» PROBLEM REQUIREMENTS:
Could the lines from the start of the data through the line with "From Out-of-Distribution Detection" be set down exactly, with no pictures among them?

» Saved entries:

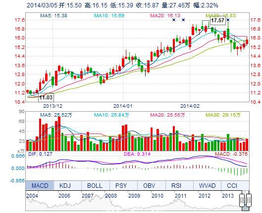 今開: 15.50 成交量: 27.46萬(wan) 手 振幅: 4.90% 最高: 16.15 成交額: 4.35億(yi) 元 換手率: 2.88% 最低: 15.39 總市值: 166.99億(yi) 市淨率: 4.74 昨收: 15.51 流通市值...
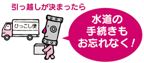 3月、4月は転入・転出のシーズンです。水道の使用中止や開始の手続きを忘れずにお願いします。大変混み合いますので、引っ越しの1週間前までにお済ませください。
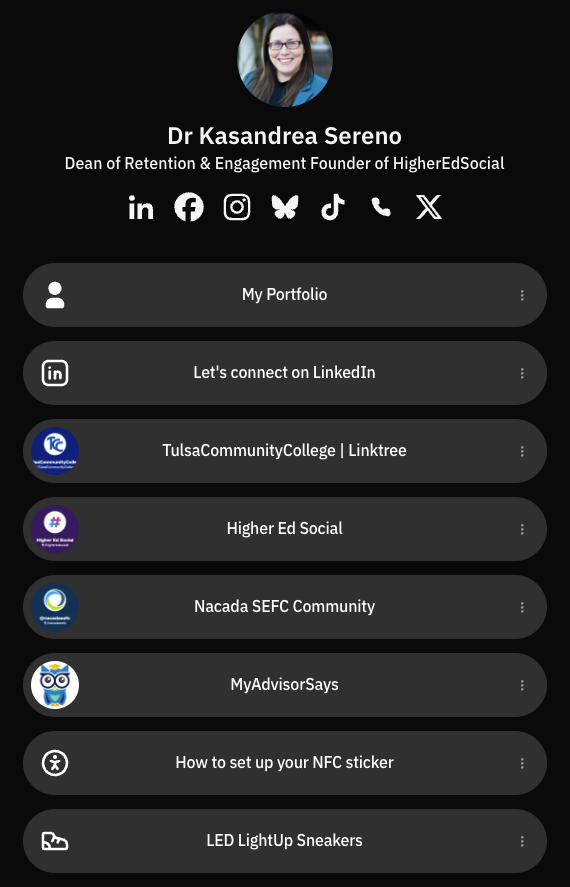 Kasandrea jen pípla svou konferenční visačku k mému telefonu a objevila se její stránka Linktree s odkazy na LinkedIn a další její projekty a věci.
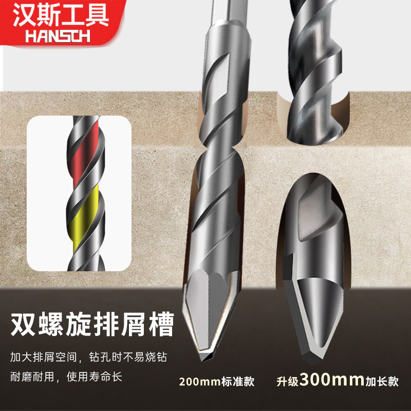 汉斯偏心钻头加长款 300mm混凝土水泥玻璃陶瓷手电钻专用瓷砖打孔
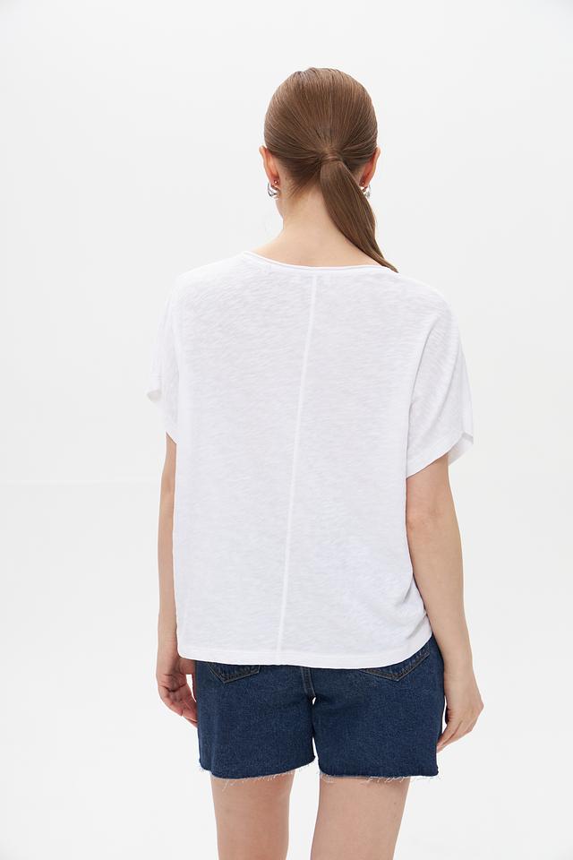 Футболка идеально сочетается с джинсами, шортами или юбками, а также может служить основой для многослойных образов. Благодаря нейтральному белому цвету, она легко интегрируется в любой гардероб. Это универсальная вещь, которая станет незаменимой частью вашего повседневного стиля.
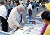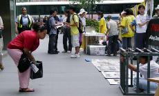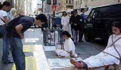 ![]() 高峰会代表下榻宾馆旁的酷刑展 | ![]() 酷刑展旁人们了解真象 | ![]() 人们被残酷的迫害震惊 |
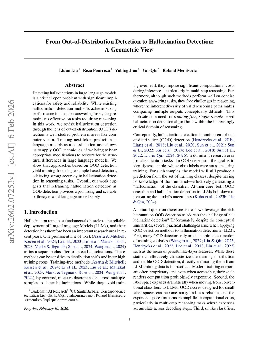 From Out-of-Distribution Detection to Hallucination Detection: A Geometric View
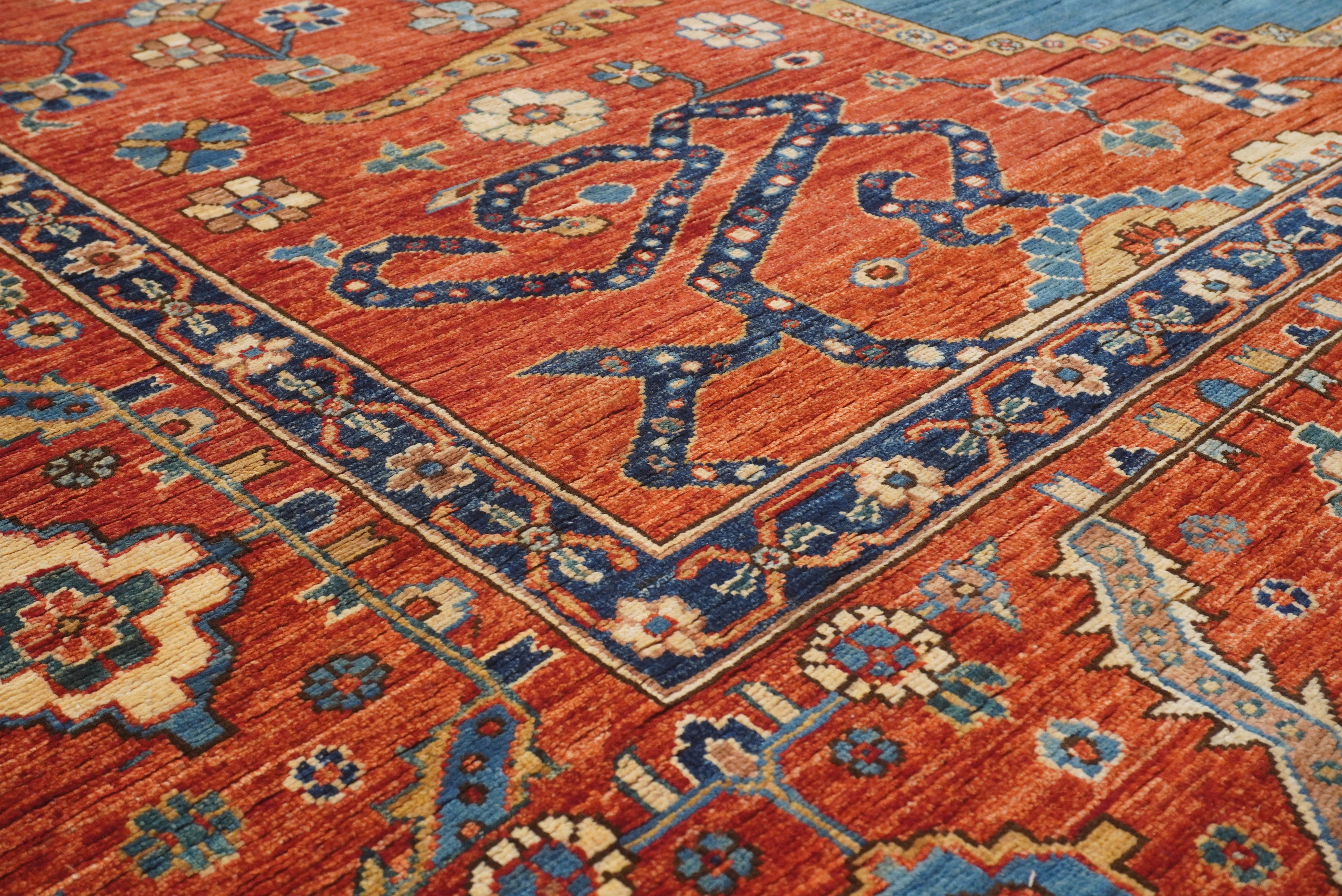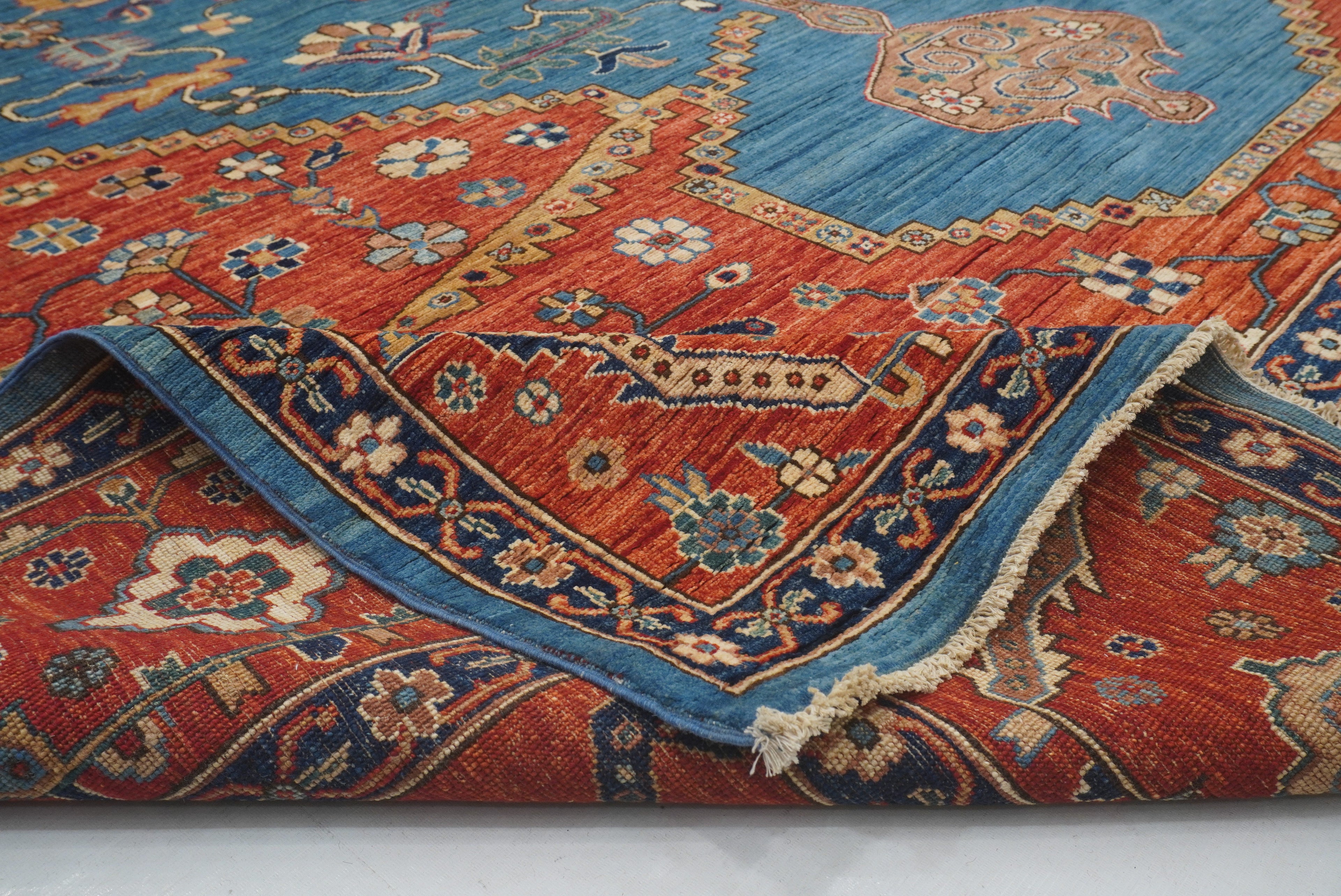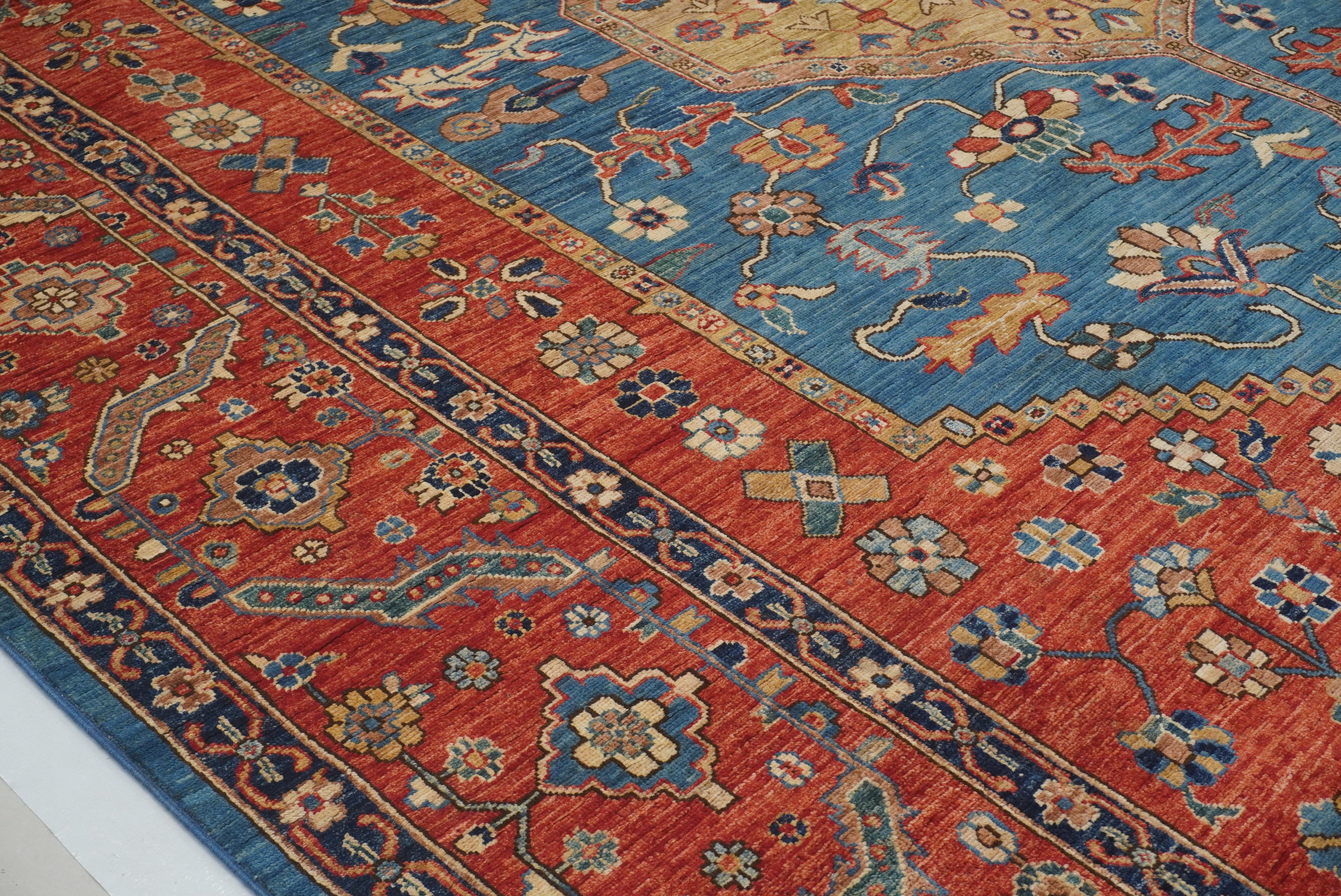 10x14 Blue Red Serapi Afghan Hand knotted Medallion Rug
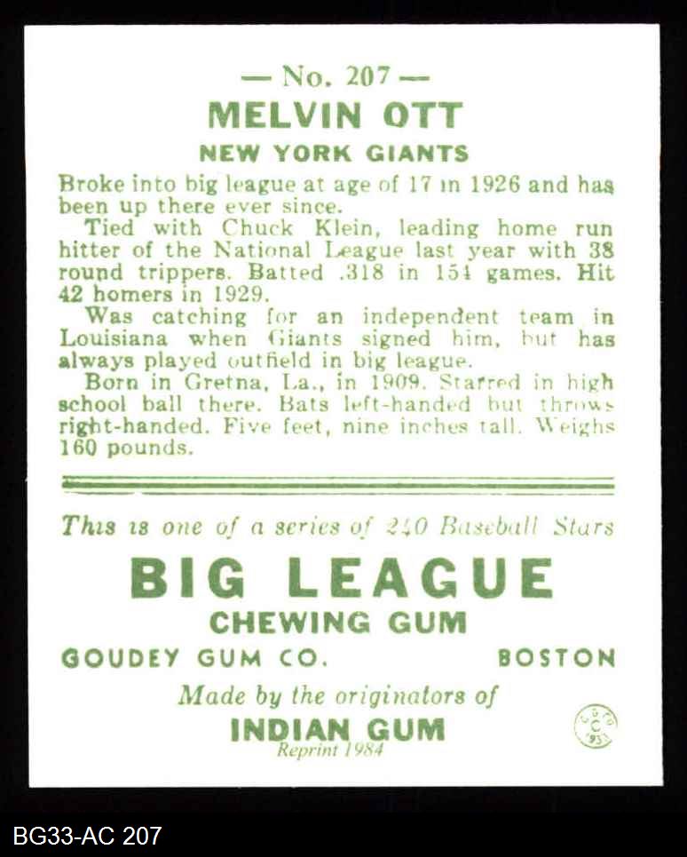 1933 Goudey Reprint #207 Mel Ott 8 - NM/MT
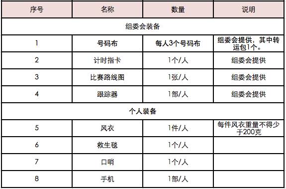 (一)装备清单(所有装备需全程携带):
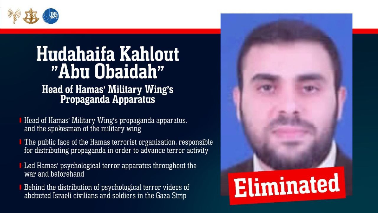 The Israel Defense Forces (IDF) and the Israeli Security Agency (Shin Bet) announced today that they have eliminated Hudahaifa Kahlout, known as “Abu Obaidah,” the head of Hamas’ military wing propaganda apparatus. The operation took place on Saturday, August 30, 2025, following extensive intelligence gathering.

» THE ANSWER:
 今開: 15.50 成交量: 27.46萬(wan) 手 振幅: 4.90% 最高: 16.15 成交額: 4.35億(yi) 元 換手率: 2.88% 最低: 15.39 總市值: 166.99億(yi) 市淨率: 4.74 昨收: 15.51 流通市值...
 3月、4月は転入・転出のシーズンです。水道の使用中止や開始の手続きを忘れずにお願いします。大変混み合いますので、引っ越しの1週間前までにお済ませください。
 Kasandrea jen pípla svou konferenční visačku k mému telefonu a objevila se její stránka Linktree s odkazy na LinkedIn a další její projekty a věci.
 汉斯偏心钻头加长款 300mm混凝土水泥玻璃陶瓷手电钻专用瓷砖打孔
 Футболка идеально сочетается с джинсами, шортами или юбками, а также может служить основой для многослойных образов. Благодаря нейтральному белому цвету, она легко интегрируется в любой гардероб. Это универсальная вещь, которая станет незаменимой частью вашего повседневного стиля.
 ![]() 高峰会代表下榻宾馆旁的酷刑展 | ![]() 酷刑展旁人们了解真象 | ![]() 人们被残酷的迫害震惊 |
 From Out-of-Distribution Detection to Hallucination Detection: A Geometric View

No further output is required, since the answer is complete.